Et ils ne se gêneront pas d’intervenir. Voici ce que disait le général de l’U.S. Marine Corps, Smedley Butler, dans son autobiographie intitulée La guerre est un racket, en 1935: 


«J’ai passé trente-trois ans et quatre mois de ma vie en service actif en tant que membre de la force armée la plus performante de notre pays – l’U.S. Marine Corps. Je suis passé par tous les grades d’officier, depuis celui de sous-lieutenant à celui de général de division. Et, au cours de cette période, j’ai passé le plus clair de mon temps comme homme de main de haut niveau au service du grand capital, de Wall Street et des banquiers. Bref, j’ai été un racketteur à la solde du capitalisme.

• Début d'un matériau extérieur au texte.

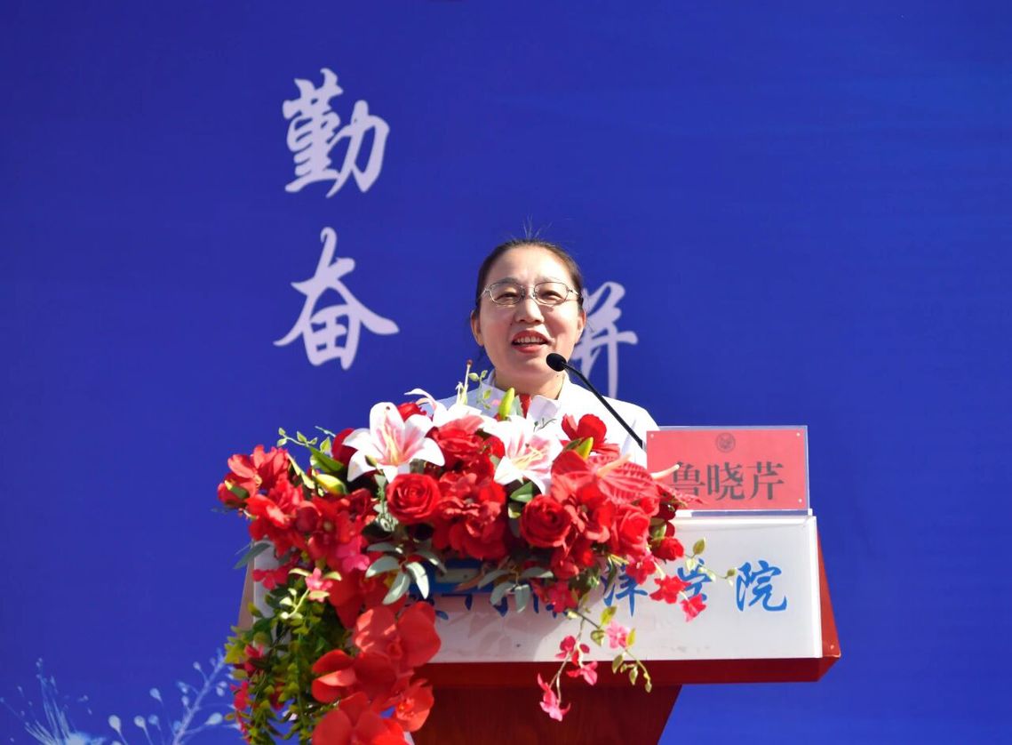 董事长鲁晓芹作开幕式致辞。她指出,我校认真贯彻落实习近平总书记关于加快建设教育强国、体育强国的重要论述,深化体育改革,推广阳光健康跑,构建活力校园体育文化,师生在多项赛事中屡创佳绩,展现了团结拼搏、追求卓越的体育精神。她表示,田径运动会既是对体育工作的检阅,更是精神的传承。希望师生们在赛场上锤炼品格、凝聚力量,共同奏响超越自我、激荡人心的运动乐章。
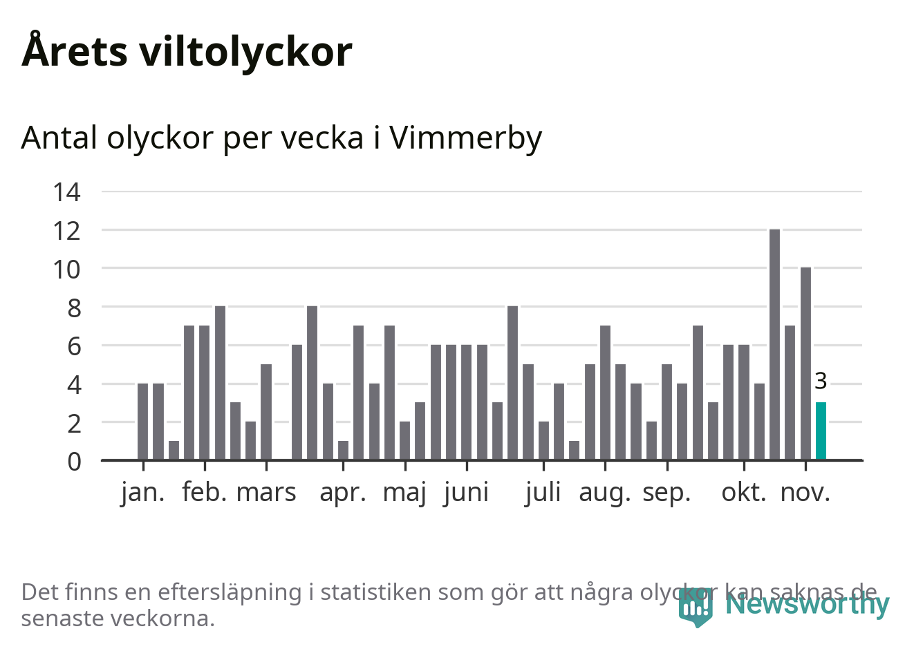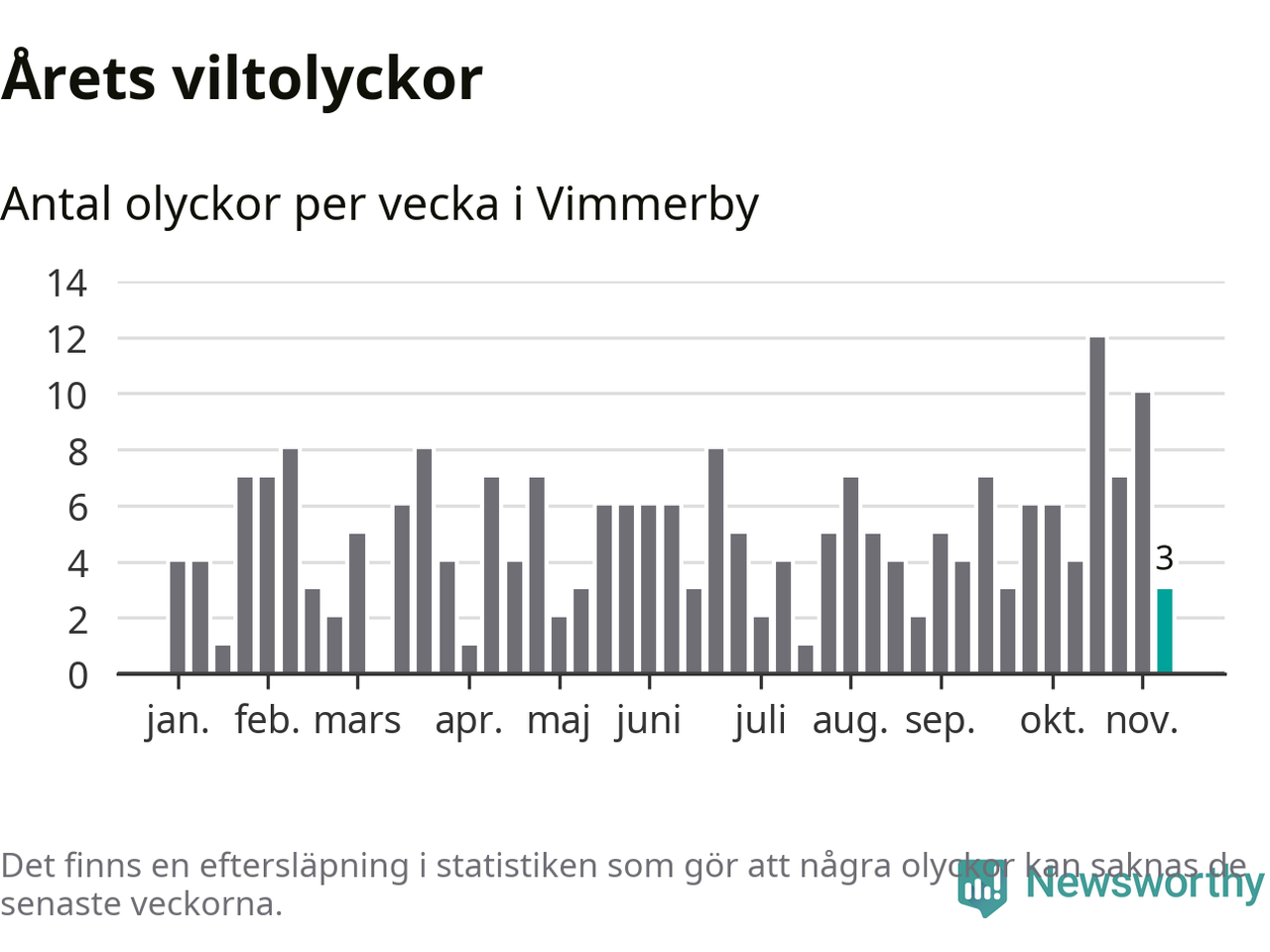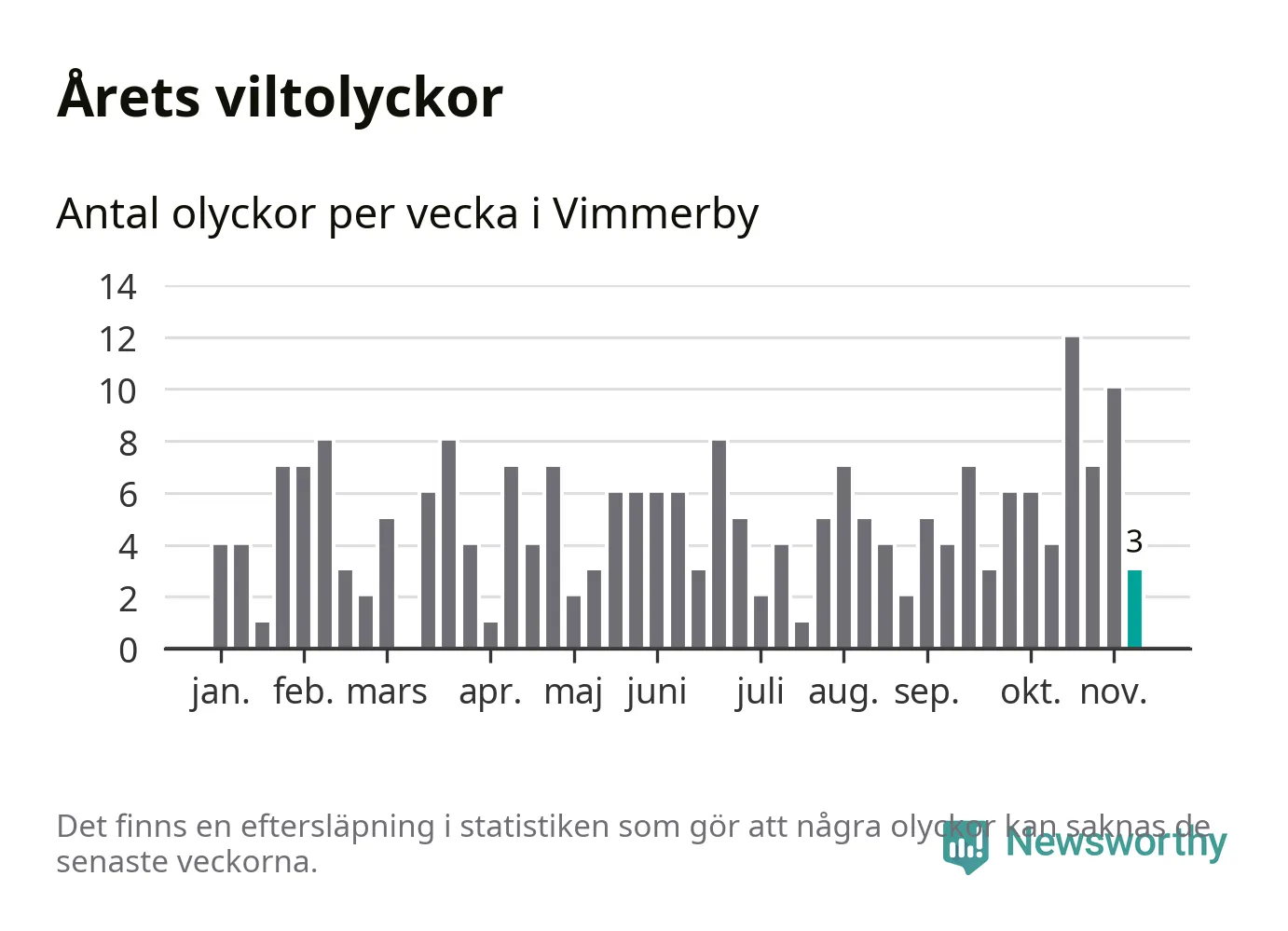 Hittills har tre viltolyckor rapporterats in i Vimmerby kommun från vecka 46. Se listan här.
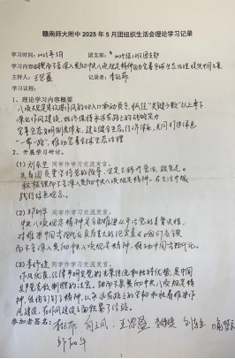 此次组织生活会通过“理论学习—交流思辨—实践导向”的闭环设计,让团员青年在深学细悟中明确责任方向。下一步,赣南师大附中团委将持续深化此类专题学习,引导青年学生以实际行动诠释“党有号召,团有行动”的政治自觉,为推进中国式现代化与全球治理变革贡献青春力量!
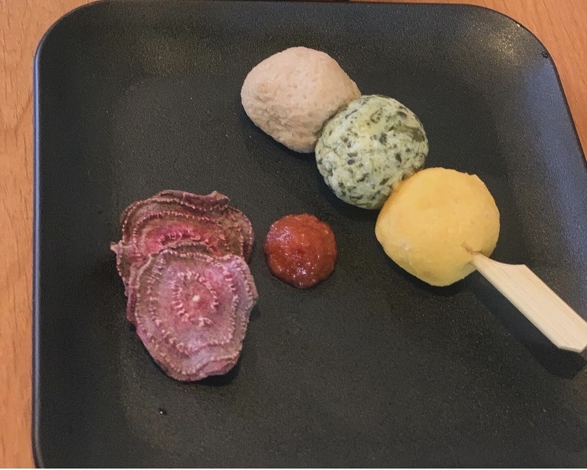 このお店はわんちゃんメニューも豊富で鶏むね肉と野菜の三色肉団子を注文しました。
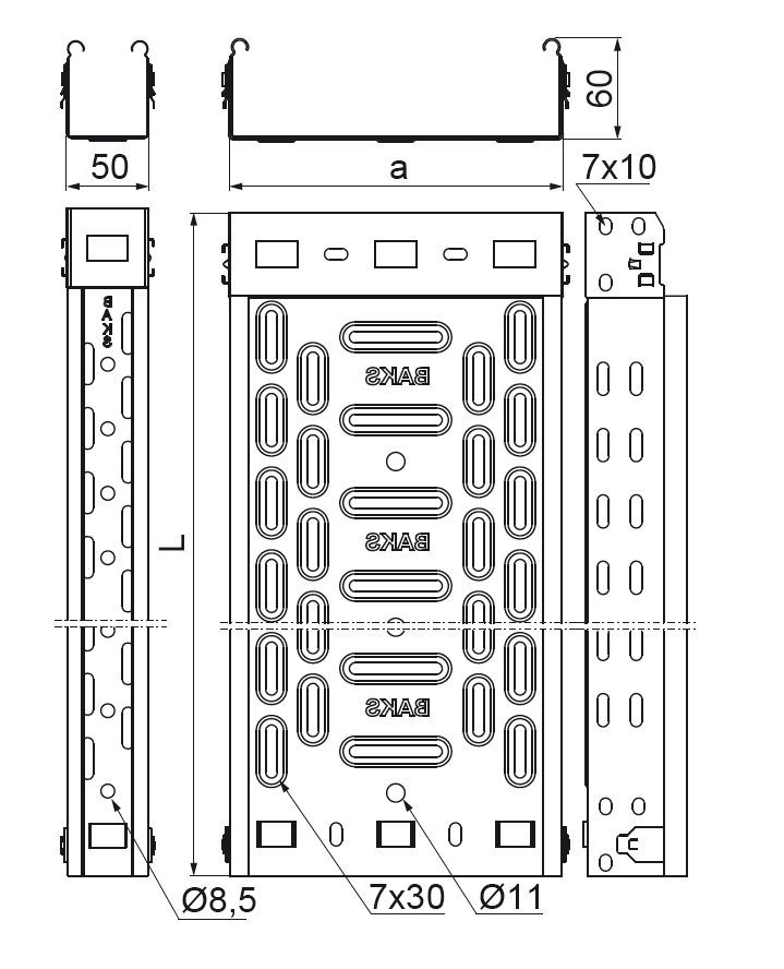 – Eine dichte Lochung mit Prägungen sorgt für einen perfekten Wärmeaustausch und ist so konzipiert, dass die Kabelrinne am BAKS-Ausleger an einer beliebigen Stelle montiert werden kann
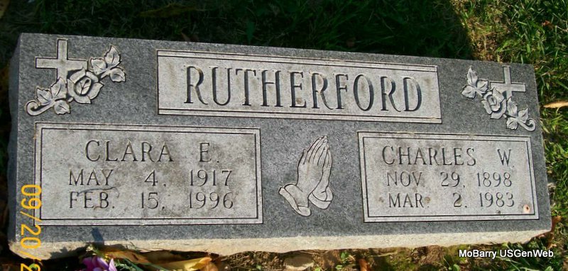 | RUTHERFORD, Charles Worth | Nov. 29, 1898 | Mar. 2, 1983 | SSW: Clara E. - Research Note: Son of Perla Hyatt Rutherford and Etta Amanda Owens. 1930 Census, he is married to Myrtle. Charles W. Rutherford, age 42, married Gladys Gibson, age 40, on Aug. 25, 1941 in Mt. Vernon, Lawrence Co., MO. His third wife was Clara Ellen (McCorkendale) (Campbell) Rutherford. | Census MO Marriage Records Phyllis Long Photo Jay Trace |
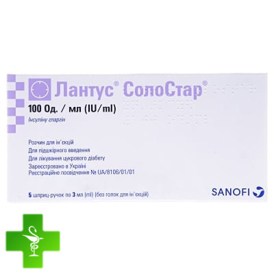 Лантус солостар, р-р д/ин. 100 ЕД/мл картр. 3 мл, №5

« Ainsi ai-je aidé à faire du Mexique, et notamment de Tampico, un lieu sûr pour les intérêts pétroliers américains en 1914. J’ai contribué à faire de Haïti et de Cuba des lieux décents pour que les hommes de la National City Bank viennent y faire des affaires. En 1909-1912, j’ai participé à l’épuration du Nicaragua au profit de l’International Banking House des frères Brown. Puis, en 1916, j’ai apporté la lumière à la République dominicaine pour servir les intérêts des sucriers américains. En 1913, j’ai contribué à mettre le Honduras «sur le bon chemin» dans l’intérêt des compagnies fruitières américaines. En 1927, en Chine, j’ai veillé à ce que Standard Oil puisse poursuivre ses activités en toute tranquillité.


«Durant toutes ces années, j’ai pratiqué un racket épatant, comme diraient les habitués du «café du coin». J’en ai été récompensé par des honneurs, des décorations, des promotions. Quand je me retourne sur mon passé, j’ai le sentiment que j’aurais pu rendre des points à Al Capone. Alors qu’il ne pouvait au mieux pratiquer son racket que dans trois quartiers, nous autres, les «marines», agissions sur trois continents.»


Interventionnisme 


La Maison-Blanche est intervenue au Salvador au début des années 1930 et a encouragé l’assassinat du dirigeant révolutionnaire Farabundo Marti et quelque 30 000 paysans qui réclamaient une réforme agraire. Elle a participé à l’assassinat du leader révolutionnaire nicaraguayen Augusto Sandino, en 1934, et a installé au pouvoir la dynastie des Somoza qui dirigera le pays jusqu’en 1979. Elle a renversé, en 1954, le président guatémaltèque Jacobo Arbentz qui avait eu le malheur de nationaliser les plantations de bananes de la United Fruit Company. Elle menace d’intervenir au Mexique dont le président, Lázaro Cárdenas, vient de nationaliser les compagnies pétrolières étatsuniennes et a redistribué la terre à ceux qui la travaillent. Elle intervient à Cuba en 1933 pour installer une dictature militaire qui matera le mouvement de protestation des travailleurs de la canne à sucre, puis en 1953, elle installera au pouvoir le dictateur Fulgencio Batista.


Alors, quand Fidel Castro entre triomphalement à La Havane, en janvier 1959, la Maison-Blanche est aux aguets. C’est la première fois qu’elle ne contrôle pas la situation. Et elle ne chômera pas. Un peu plus d’un an après le triomphe de la Révolution, le bateau français La Coubre, qui transportait des armes belges pour le jeune gouvernement cubain, explose dans le port de La Havane, tuant une centaine de personnes et en blessant tout autant. Plusieurs actes de sabotage ont lieu, dont la destruction de secteurs vitaux de l’économie, comme les plantations de canne à sucre. En avril 1961, des mercenaires tentent une invasion à Playa Giron, avec l’appui de la CIA. Puis en février 1962, les États-Unis imposent un blocus financier et commercial contre l’île et ce blocus criminel, qui s’est durci au fil des ans, dure depuis tout ce temps, même si la quasi-totalité des pays réclame son abolition.


Depuis 63 ans, cette guerre larvée n’a jamais cessé. Peut-on blâmer le gouvernement cubain, qui n’a jamais connu un seul jour de paix, de se défendre?